I like potatoes on pizzas. Make that love them. Yukon gold, blue and sweet (only one variety on a pizza though).
When I was using my broiler in my oven to cook pizzas, I did not use potatoes for some reason (and I had 980°F heat with my broiler....I miss it!). Now that I have my (still in experimental phase) LBE, just cutting the potatoes paper thin does not do the trick. The oven does not have enough top heat to cook the potatoes enough.
I have to par cook the potato slices in a pan with olive oil and sea salt, turning them a few times until they brown up and lose a little of their firmness. Then the LBE will finish them off...turning the edges of the potatoes crisp in the oven. The natural sweetness in the potatoes really come through and the textural counterpoint of the crisped edges is really nice.
If one of you could use a mandolin to cut VERY thin slices of potatoes (or a knife...we're talking paper thin cuts), layed them on the skin so there was minimal overlap (but covered the surface), I'd be interested to see if the heat of a good WFO alone could finish such a thinly sliced potato off sufficiently during the course of the short baking time.

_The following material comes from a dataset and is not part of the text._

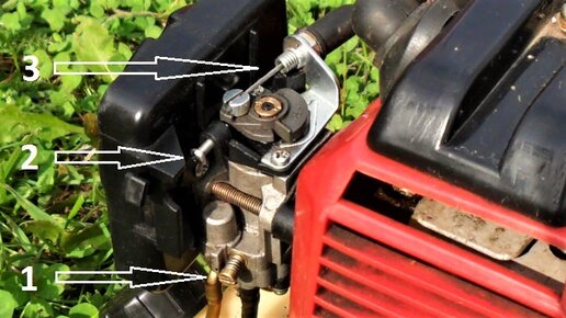 Стандартный карбюратор большинства триммеров выглядит именно так, как на картинке выше... Назначение регулировочных частей карбюратора: Регулировка карбюратора проводится только на запущенном двигателе! Регулировка подачи топлива (винт № 1) Запускаем двигатель и зажимаем полный газ, по чуть-чуть закручиваем винт №1, обороты начинают падать, двигатель захлебывается, затем не отпуская газ потихоньку выкручиваем винт до тех пор, пока обороты на полном газу не станут комфортными. После регулировки отпустите газ и перегазуйте, затем дайте поработать двигателю на холостом ходу 3-5 секунд...

I've been tinkering with a parmigiano-reggiano (a lot, grated, added first), sweet potato, caramelized onion and rosemary pizza.....as well as a sweet potato, sage, blue cheese and Mike's Hot Honey pizza (I may swap out the Blue Cheese for Mascarpone) and have no idea if a WFO could do the trick without a par cook first. The ingredient combinations are still experimental, but you get the point.